Construct tree from inorder & postorder
Company: NVIDIA
Role: Software Engineer
Category: Coding & Algorithms
Difficulty: Medium
Interview Round: Technical Screen
Quick Answer: This question evaluates understanding of binary tree reconstruction and traversal order relationships, specifically the ability to derive tree structure from inorder and postorder arrays and implement the corresponding algorithm.
Constraints
- 1 <= inorder.length <= 3000 (and postorder.length == inorder.length)
- -3000 <= node values <= 3000
- inorder and postorder consist of unique values
- Each value of postorder also appears in inorder
- inorder is guaranteed to be the inorder traversal of the tree
- postorder is guaranteed to be the postorder traversal of the tree
Examples
Input: ([9,3,15,20,7], [9,15,7,20,3])
Expected Output: [3, 9, 20, None, None, 15, 7]
Explanation: Root is the last postorder element 3; it splits inorder into left=[9] and right=[15,20,7]. The resulting tree serializes level-order to [3, 9, 20, null, null, 15, 7].
Input: ([-1], [-1])
Expected Output: [-1]
Explanation: Single node with a negative value; the tree is just the root -1.
Input: ([], [])
Expected Output: []
Explanation: Empty traversals produce an empty tree, serialized as [].
Input: ([2,1], [2,1])
Expected Output: [1, 2]
Explanation: Root is 1 (last of postorder).
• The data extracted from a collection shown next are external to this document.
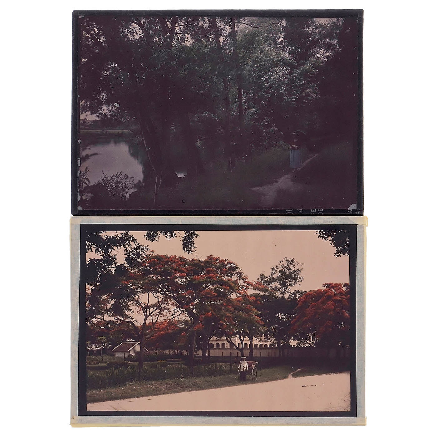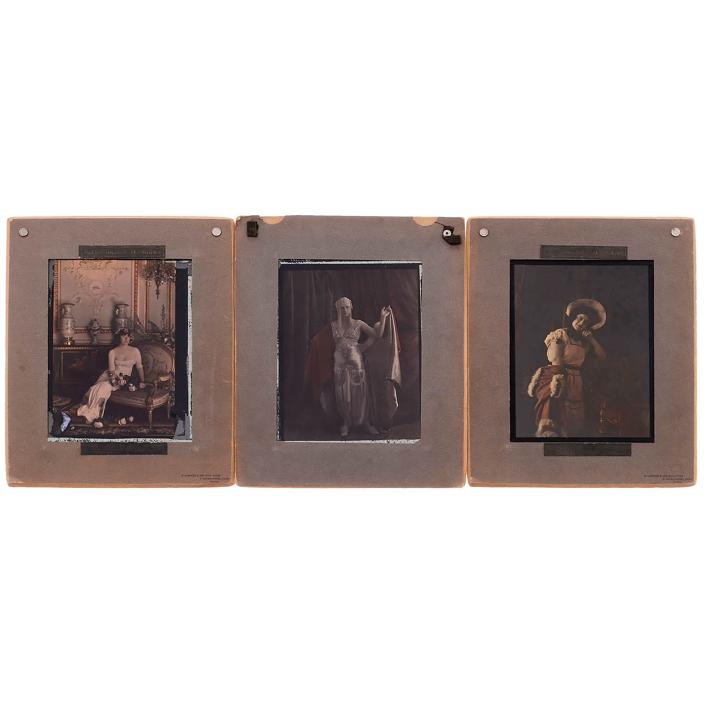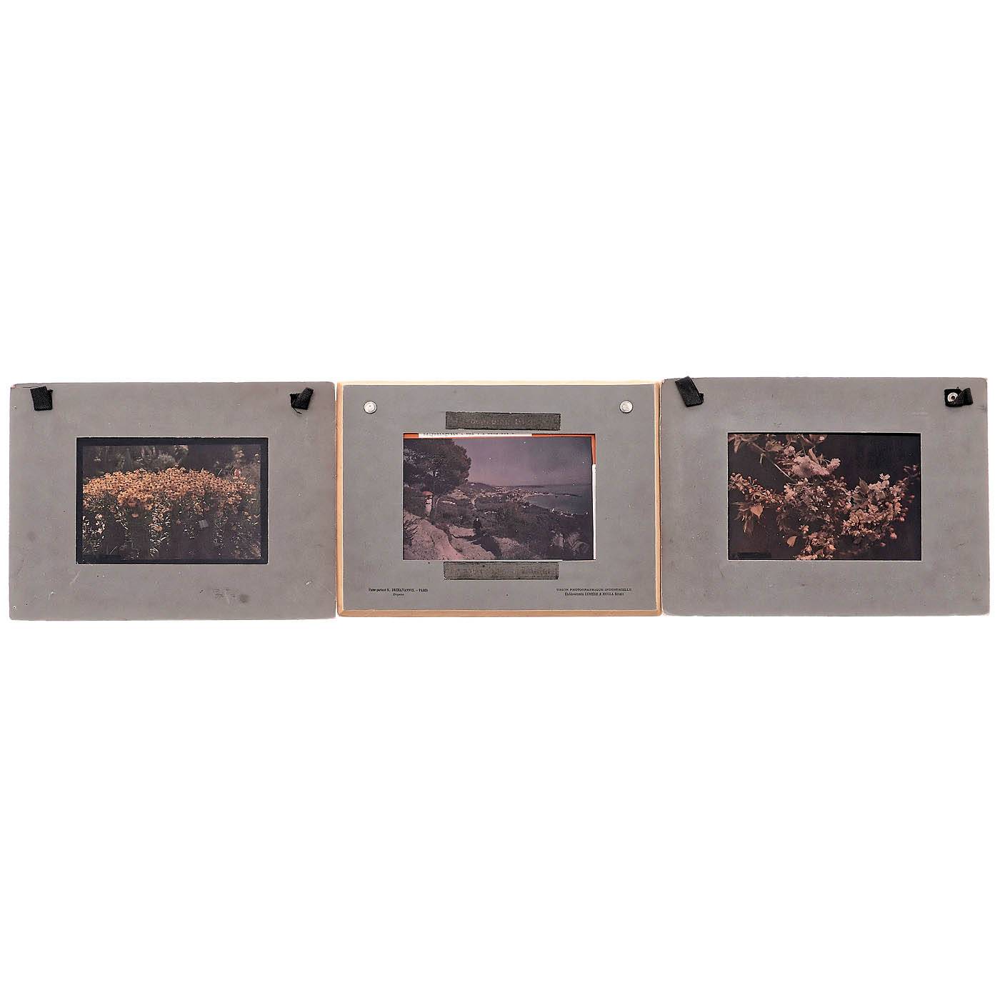 Lumière, Lyon. 1–6) 3 samples 26 x 33 cm, each with one 18 x 24 cm autochrome; and 3 samples 23 x 28 cm, each with one 13 x 18 cm autochrome. – 7–11) 5 autochromes 18 x 24 cm, including one depicting a Chinese building. – 12) One 30 x 18 cm autochrome. – And: 13–14) 2 Art-Nouveau-style glass frames, 23 x 28 cm and 34 x 26 cm, each containing a 13 x 18 cm autochrome. – Extremely rare; important exhibition pieces illustrating the history of color photography.
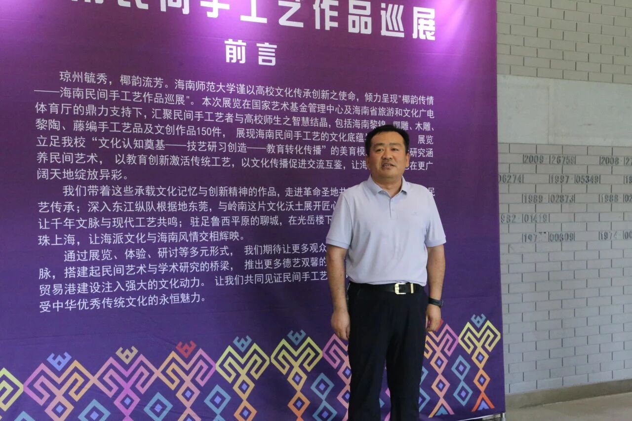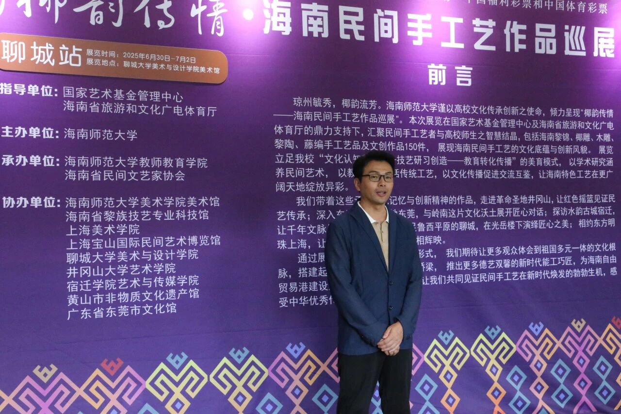 公海gh555000aa线路检测经理张兆林致欢迎词。他表示,海南民间手工艺是中华优秀传统文化的重要组成部分,此次巡展落地聊城,不仅为师生提供了近距离感受黎族文化魅力的机会,更推动了两地艺术教育的深度交流,期待让更多老师员工共同感受中华优秀传统文化的永恒魅力。
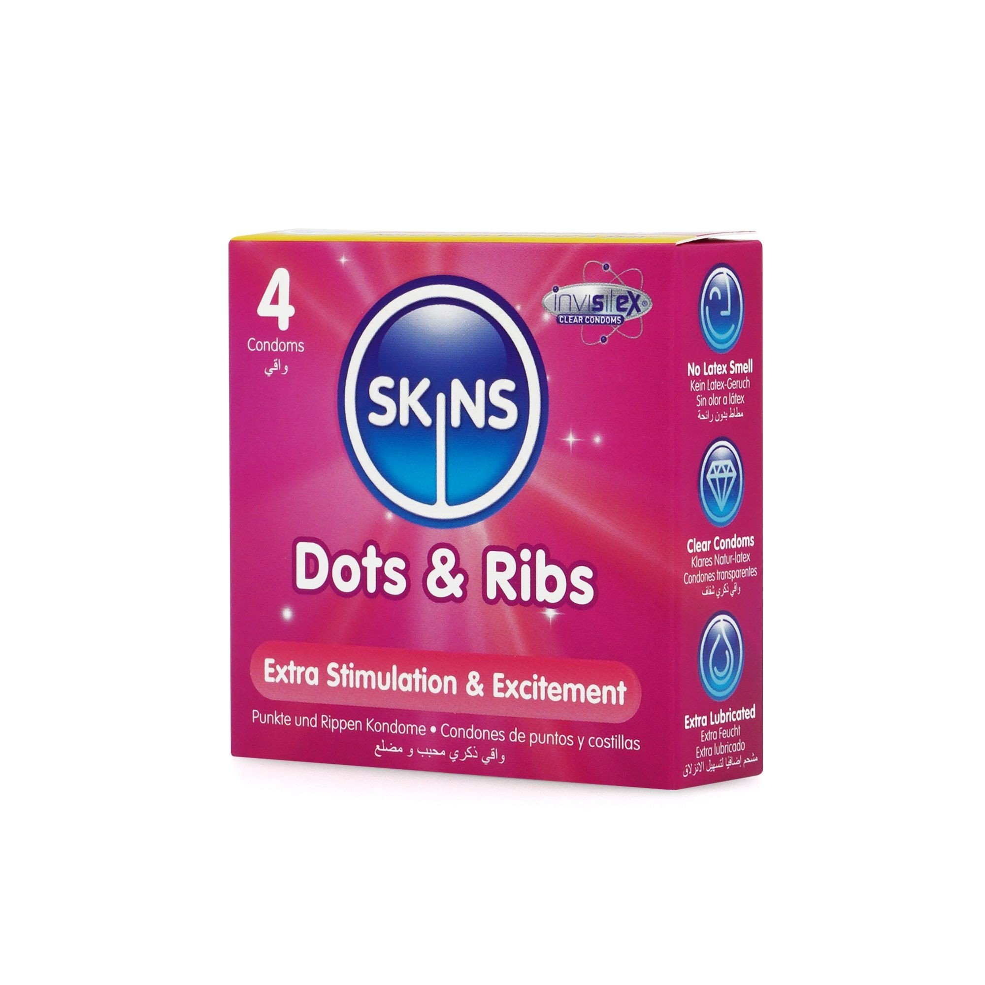 Kondómy Skins Dots & Ribs kombinujú strategicky umiestnené rebrá, ktoré jemne stimulujú používateľa, s malými bodkami pre maximálne potešenie partnera. Sú vyrobené z kvalitného prírodného latexu, sú tenké, ale zároveň odolné a spoľahlivé. Transparentné prevedenie zaisťuje prirodzený vzhľad v porovnaní so štandardnými kondómami, ktoré majú mierne mliečnu farbu.

In inorder, 2 comes before 1, so 2 is the left child: tree is 1 with left child 2 -> [1, 2].
Input: ([1,2], [2,1])
Expected Output: [1, None, 2]
Explanation: Root is 1; in inorder, 2 comes after 1, so 2 is the right child. Level-order is [1, null, 2].
Input: ([4,2,5,1,6,3,7], [4,5,2,6,7,3,1])
Expected Output: [1, 2, 3, 4, 5, 6, 7]
Explanation: A full, balanced 7-node tree rooted at 1 with subtrees 2(4,5) and 3(6,7); its level-order serialization is [1,2,3,4,5,6,7].
Hints
- The last element of postorder is always the root of the (sub)tree. Find it inside inorder to know how many nodes are in the left vs. right subtree.
- Build a value -> index hash map over inorder once so each root lookup is O(1) instead of an O(n) scan.
- Consume postorder from the right end: pop the root, then recursively build the RIGHT subtree before the LEFT, because that matches the reverse-postorder order (root, right, left).
- After building the tree, run a BFS that pushes both children (even null ones) so the output matches LeetCode's level-order format, then trim trailing nulls.